*** Opening of Input ***
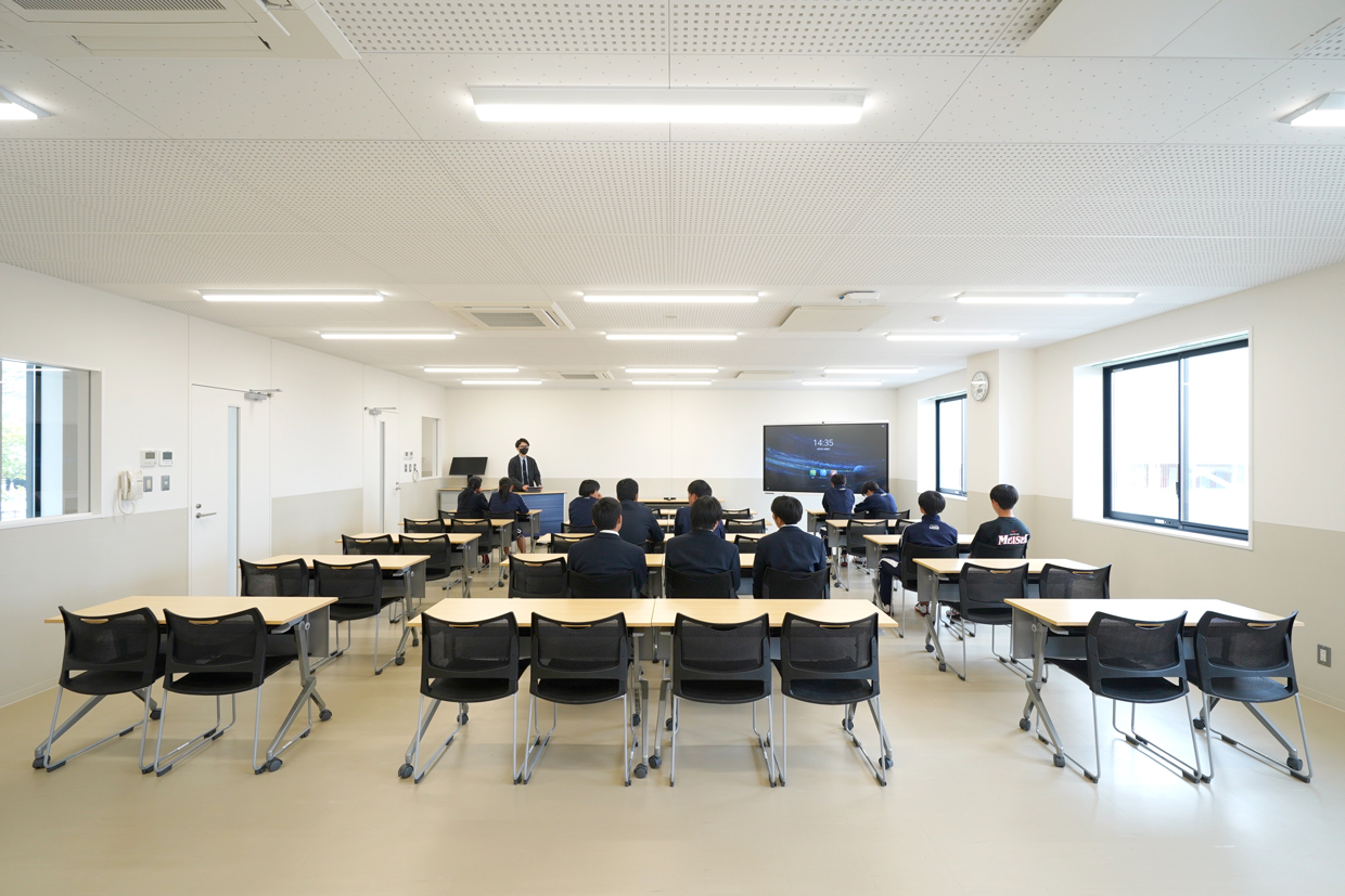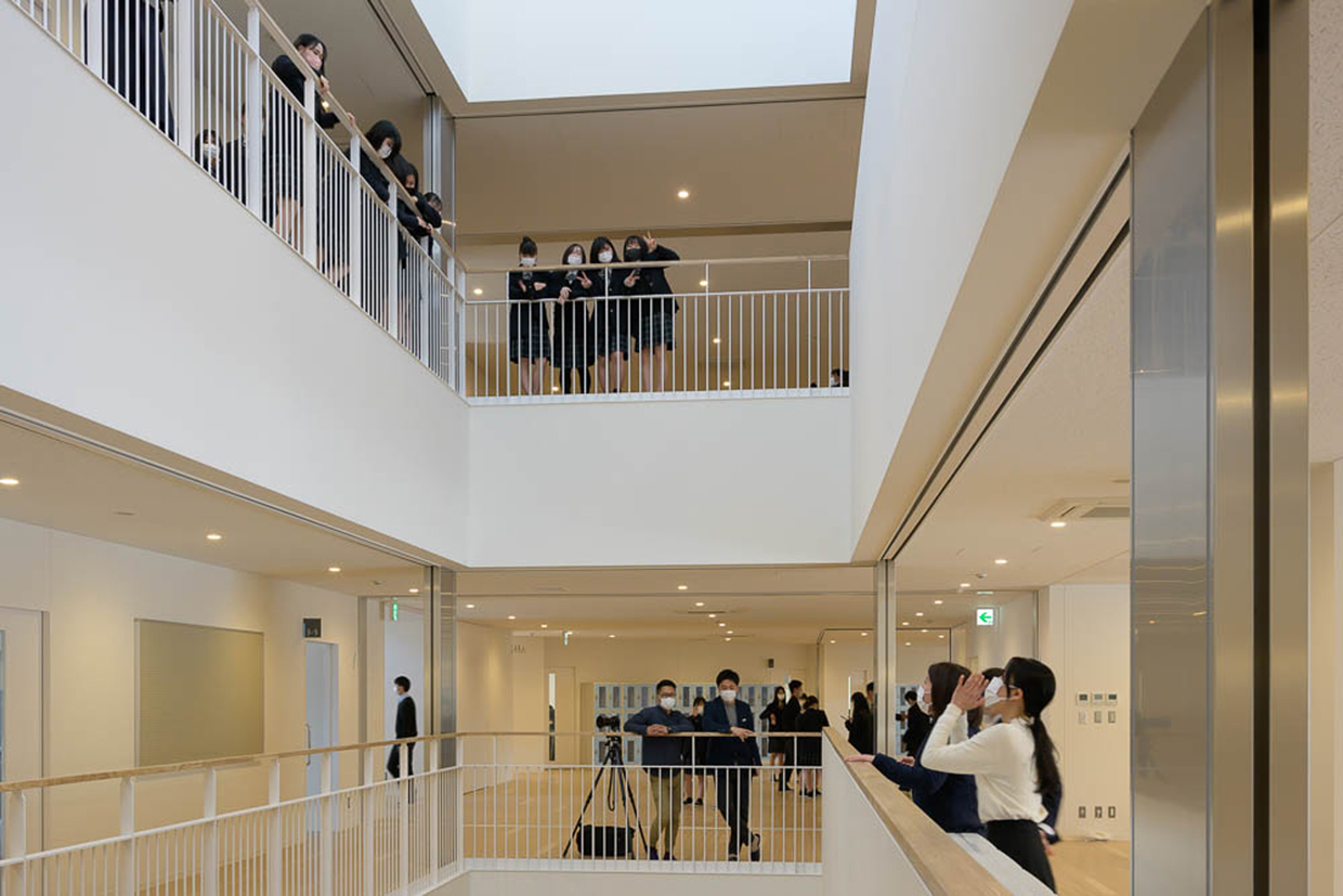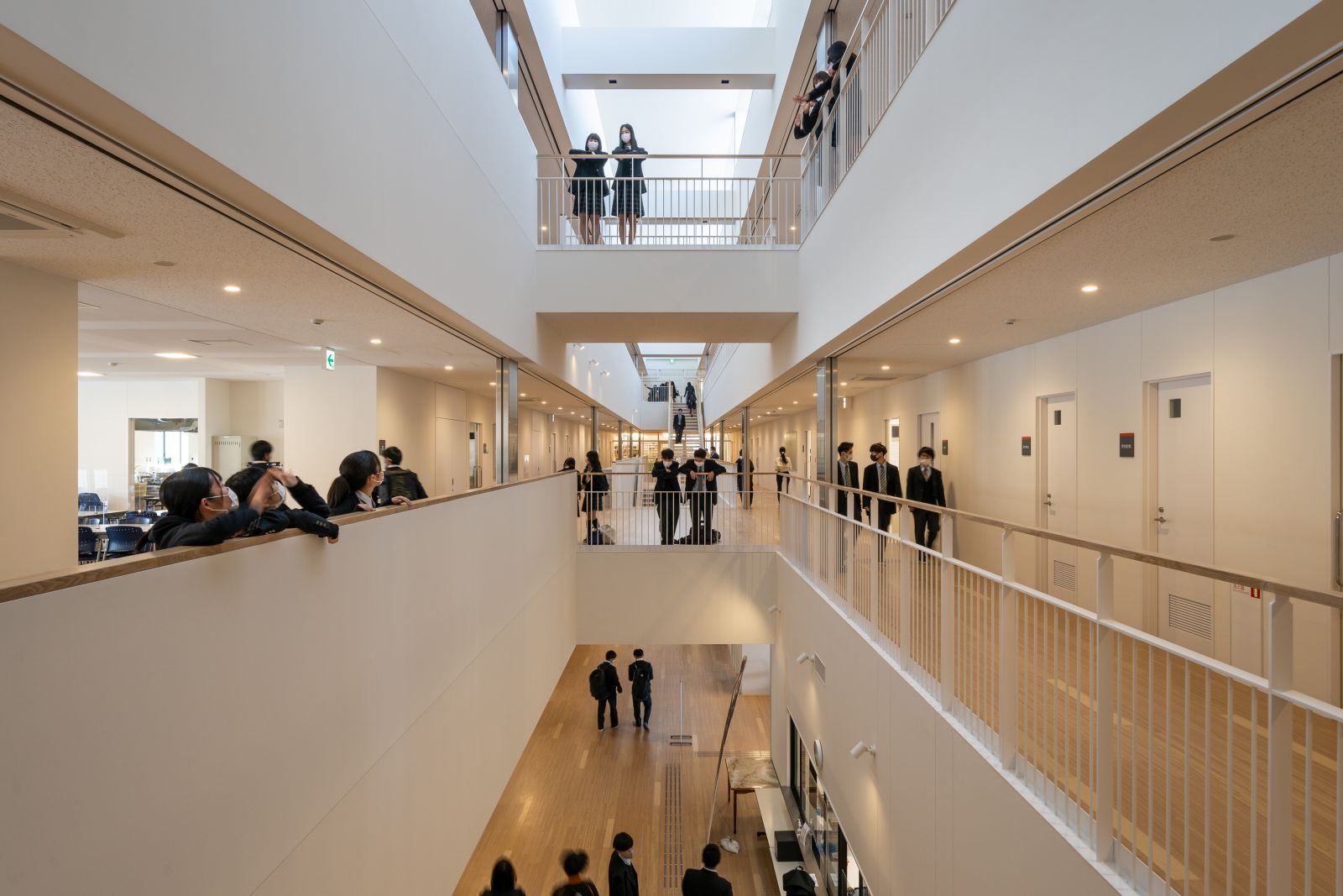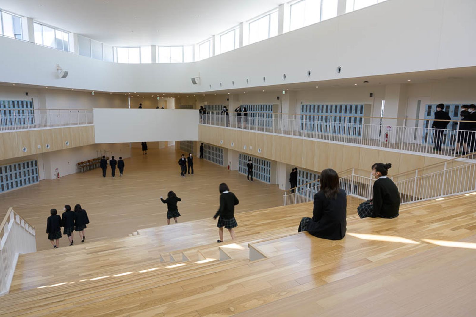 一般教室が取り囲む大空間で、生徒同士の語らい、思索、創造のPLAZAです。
*** Close of Input ***
*** Opening of Input ***
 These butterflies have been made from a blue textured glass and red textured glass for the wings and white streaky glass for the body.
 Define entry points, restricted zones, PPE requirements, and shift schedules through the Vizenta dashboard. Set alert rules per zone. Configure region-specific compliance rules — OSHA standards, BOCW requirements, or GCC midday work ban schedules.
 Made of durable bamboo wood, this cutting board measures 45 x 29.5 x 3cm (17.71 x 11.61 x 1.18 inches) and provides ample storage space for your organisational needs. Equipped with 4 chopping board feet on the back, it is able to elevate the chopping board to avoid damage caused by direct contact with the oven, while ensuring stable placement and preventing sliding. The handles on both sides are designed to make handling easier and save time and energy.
*** Close of Input ***
→ Aim of the task:
An exact, complete copy of the lines above from the one with "These butterflies have" through the one with "Made of durable" is the whole answer.

→ Reply:
 These butterflies have been made from a blue textured glass and red textured glass for the wings and white streaky glass for the body.
 Define entry points, restricted zones, PPE requirements, and shift schedules through the Vizenta dashboard. Set alert rules per zone. Configure region-specific compliance rules — OSHA standards, BOCW requirements, or GCC midday work ban schedules.
 Made of durable bamboo wood, this cutting board measures 45 x 29.5 x 3cm (17.71 x 11.61 x 1.18 inches) and provides ample storage space for your organisational needs. Equipped with 4 chopping board feet on the back, it is able to elevate the chopping board to avoid damage caused by direct contact with the oven, while ensuring stable placement and preventing sliding. The handles on both sides are designed to make handling easier and save time and energy.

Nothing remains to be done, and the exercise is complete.